▶ **WHAT YOU ARE ASKED TO DO**:
In your copy, each record should read exactly as it does below, and no pictures should be present.

——

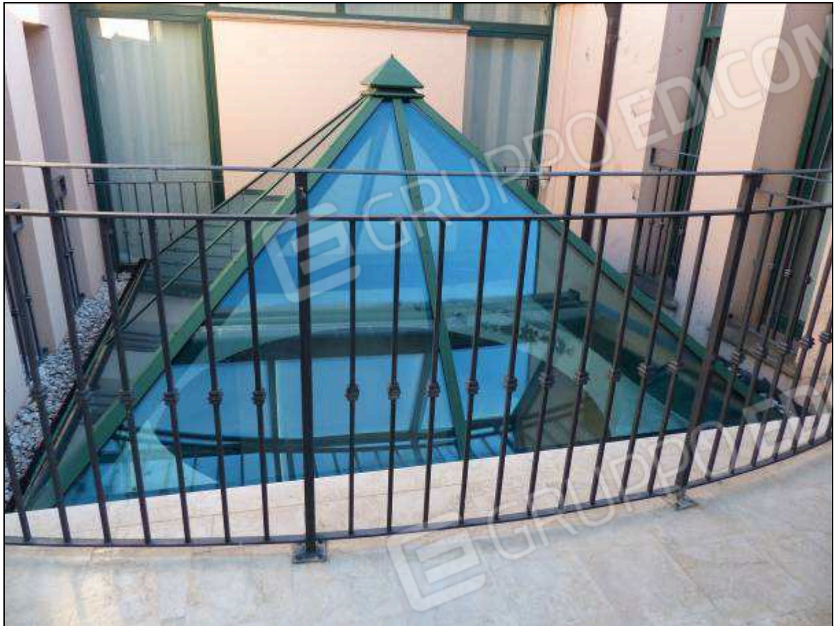
FOTO 12 – Piano secondo: pozzo di luce condominiale, comune all'unità immobiliare di interesse.
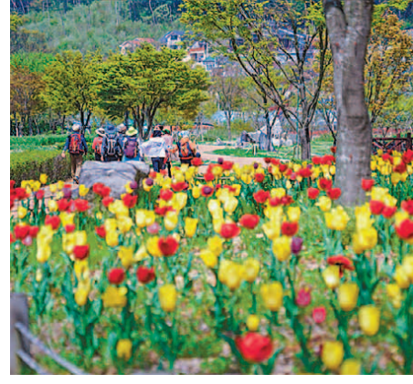
▲백제가요 정음사 오솔길 2코스
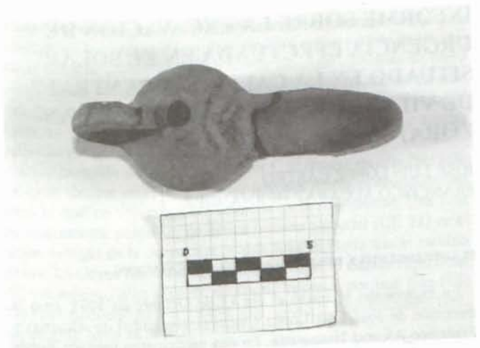
LÁM. V: Cándil de piqueta.
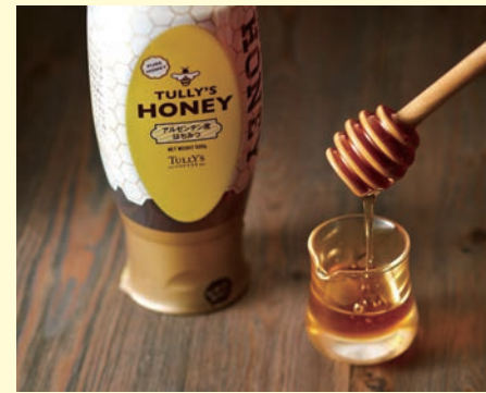
タリーズハニー 500g 1,101円

人気ドリンク「ハニーミルクラテ」に使用している香り豊かなはちみつ。コーヒー・紅茶はもちろん、ヨーグルトにもおすすめです。
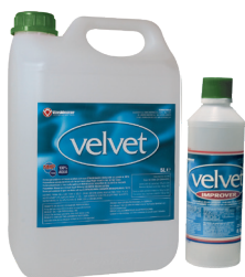
L 5 - L 0,5 IMPROVER
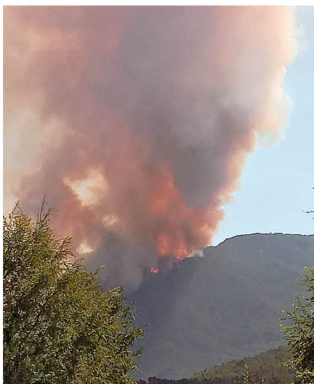
EN LOS CHENQUES, en Alto Biobío, el fuego avanzaba con rapidez.
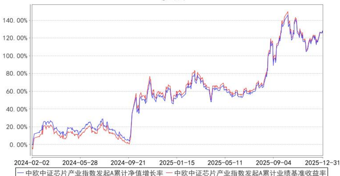
中欧中证芯片产业指数发起A累计净值增长率与同期业绩比较基准收益率的历史走势对比图
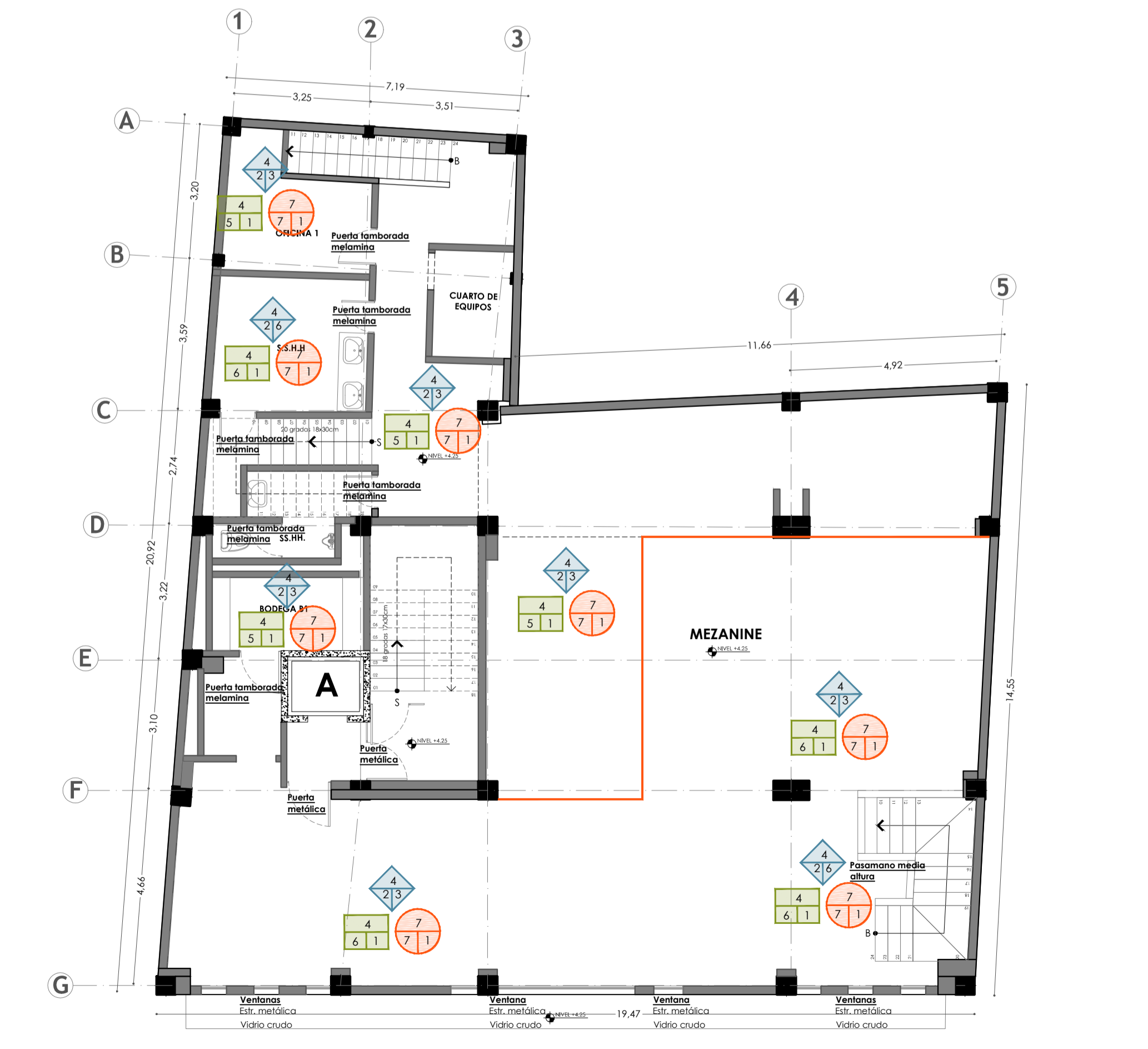
PLANTA PISO 1 ESCALA 1/125 ESTADO ACTUAL
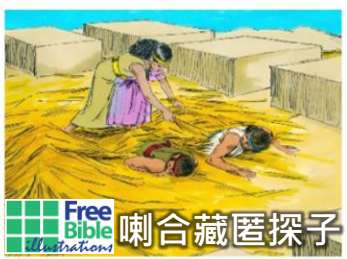
Free Bible Illustrations 喇合藏匿探子
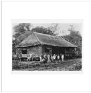
Natte et hutte Nipa, Philippines.
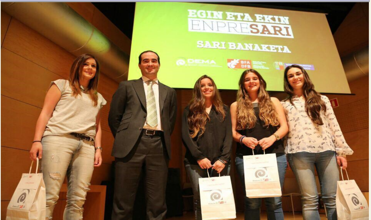
Las promotoras de Take Away Coffee, ganadoras de tres tablets por el “mejor vídeo promocional”

Desde hacer ya varios años el colegio ha apostado por las metodologías activas de aprendizaje como camino al desarrollo de competencias transversales y técnicas del alumnado que les de la llave de un futuro profesional exitoso. El trabajo por Proyectos (Premio 2013), PBLs o Simulaciones está
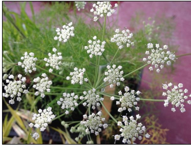
Slika 9. Athamanta haynaldii

Endemska vrsta južne Evrope i sjeverne Afrike. Listovi su svijetlozelene boje. Raste na kamenitim tlima izloženim suncu. Cvjetovi su bijele boje.
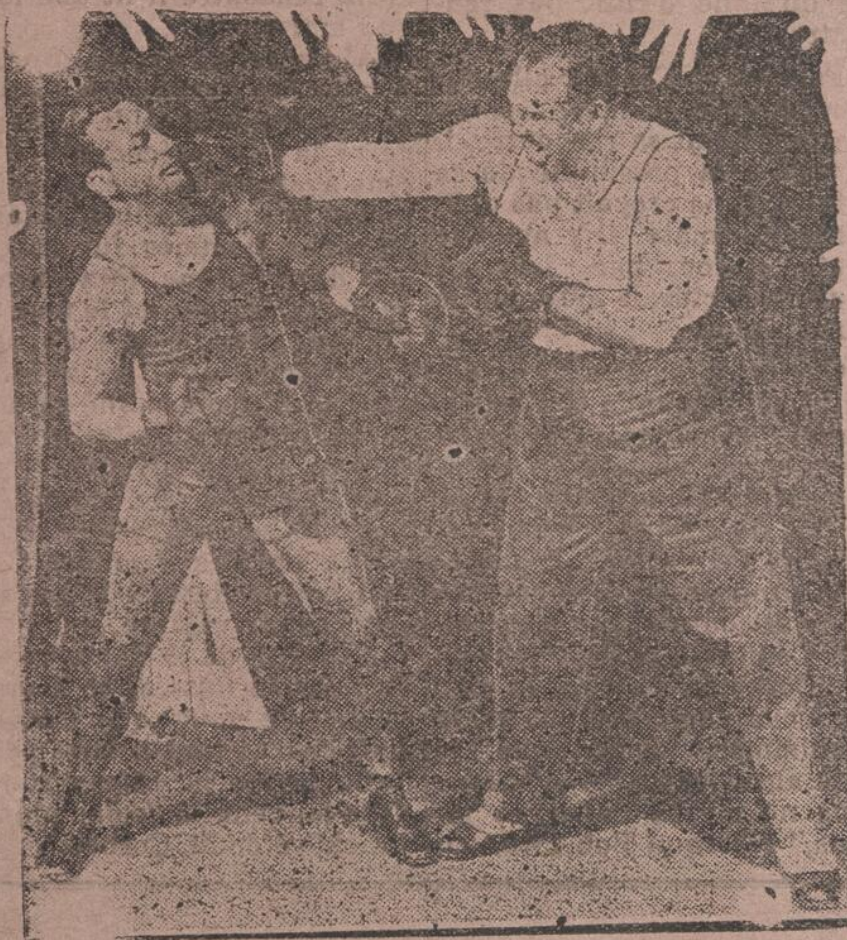
BENNY LEONARD ...
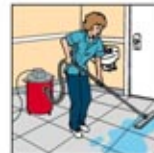
7. Keringkan larutan pembersih dengan Wet dan Dry Vacuum.
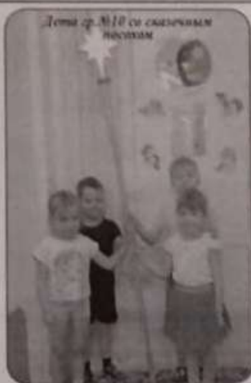
Дети гр.№10 со сказочным посохом
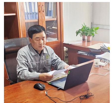
尊敬的各位领导、各位同仁：今天，我作为公司优秀党务工作者代表在这里发言，感到十分荣幸。借此机会，请允许我代表山西分公司党支部向一直关心、支持我的工作，并给予我们厚爱的公司的各位领导表示衷心的感谢。

山西分公司党支部成立于2019年8月，目前共有党员141名，其中，科级以上管理人员15名，党员25名，其中正式党员21名，预备党员4名，是一个充满活力的年轻党支部。一直以来，山西分公司党支部紧紧围绕公司党委发展战略，在凝聚人心、服务员工、促进生产等方面，充分发挥党组织的战斗堡垒作用和党员的先锋模范作用，为分公司快速健康发展提供了坚强的组织保障。2021年，分公司新发展党员6名，完成营业收入6亿元，利润2430.45万元，超额完成了公司下达的经济指标，实现了快速、健康发展。
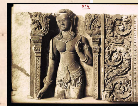
PIÈCE À CONVICTION N° 4.
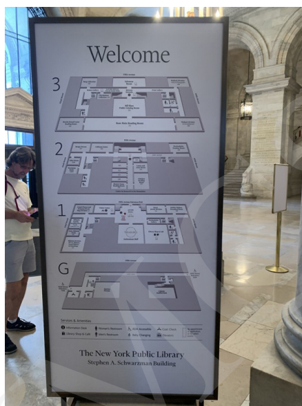
Fot. 2. Plan zwiedzania Biblioteki, fot. A. Strumińska.
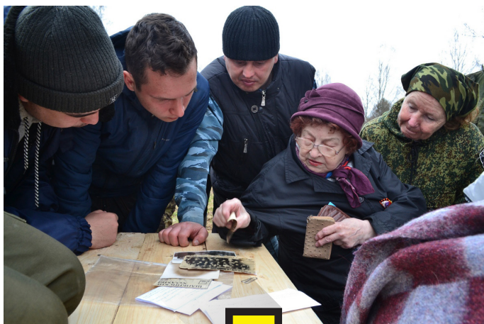
ВСТРЕЧА С УРОЖЕНКАМИ ДЕРЕВНИ ВОРОНОВО.

«Мы понимаем, что в этих местах все уже перекопано, но, тем не менее, каждый год поднимаем останки. Работать здесь нужно как можно тщательнее, и с каждым годом наша методика работы только совершенствуется. Мы стараемся использовать новые архивные материалы, новые методы. Когда откапываем останки бойца, иногда видим его последнюю позу, додумываем, что с ним происходило, что он переживал. Мы владем знаниями в области физической антропологии и можем по костям, например, определить болезни и патологии бойца, возраст, неправильно сросшиеся после перелома кости и т. п.

——

▶ **RESPONSE AREA**:
FOTO 12 – Piano secondo: pozzo di luce condominiale, comune all'unità immobiliare di interesse.
▲백제가요 정음사 오솔길 2코스
LÁM. V: Cándil de piqueta.
タリーズハニー 500g 1,101円

人気ドリンク「ハニーミルクラテ」に使用している香り豊かなはちみつ。コーヒー・紅茶はもちろん、ヨーグルトにもおすすめです。
L 5 - L 0,5 IMPROVER
EN LOS CHENQUES, en Alto Biobío, el fuego avanzaba con rapidez.
中欧中证芯片产业指数发起A累计净值增长率与同期业绩比较基准收益率的历史走势对比图
PLANTA PISO 1 ESCALA 1/125 ESTADO ACTUAL
Free Bible Illustrations 喇合藏匿探子
Natte et hutte Nipa, Philippines.
Las promotoras de Take Away Coffee, ganadoras de tres tablets por el “mejor vídeo promocional”

Desde hacer ya varios años el colegio ha apostado por las metodologías activas de aprendizaje como camino al desarrollo de competencias transversales y técnicas del alumnado que les de la llave de un futuro profesional exitoso. El trabajo por Proyectos (Premio 2013), PBLs o Simulaciones está
Slika 9. Athamanta haynaldii

Endemska vrsta južne Evrope i sjeverne Afrike. Listovi su svijetlozelene boje. Raste na kamenitim tlima izloženim suncu. Cvjetovi su bijele boje.
BENNY LEONARD ...
7. Keringkan larutan pembersih dengan Wet dan Dry Vacuum.
Дети гр.№10 со сказочным посохом
尊敬的各位领导、各位同仁：今天，我作为公司优秀党务工作者代表在这里发言，感到十分荣幸。借此机会，请允许我代表山西分公司党支部向一直关心、支持我的工作，并给予我们厚爱的公司的各位领导表示衷心的感谢。

山西分公司党支部成立于2019年8月，目前共有党员141名，其中，科级以上管理人员15名，党员25名，其中正式党员21名，预备党员4名，是一个充满活力的年轻党支部。一直以来，山西分公司党支部紧紧围绕公司党委发展战略，在凝聚人心、服务员工、促进生产等方面，充分发挥党组织的战斗堡垒作用和党员的先锋模范作用，为分公司快速健康发展提供了坚强的组织保障。2021年，分公司新发展党员6名，完成营业收入6亿元，利润2430.45万元，超额完成了公司下达的经济指标，实现了快速、健康发展。
PIÈCE À CONVICTION N° 4.
Fot. 2. Plan zwiedzania Biblioteki, fot. A. Strumińska.
ВСТРЕЧА С УРОЖЕНКАМИ ДЕРЕВНИ ВОРОНОВО.

«Мы понимаем, что в этих местах все уже перекопано, но, тем не менее, каждый год поднимаем останки. Работать здесь нужно как можно тщательнее, и с каждым годом наша методика работы только совершенствуется. Мы стараемся использовать новые архивные материалы, новые методы. Когда откапываем останки бойца, иногда видим его последнюю позу, додумываем, что с ним происходило, что он переживал. Мы владем знаниями в области физической антропологии и можем по костям, например, определить болезни и патологии бойца, возраст, неправильно сросшиеся после перелома кости и т. п.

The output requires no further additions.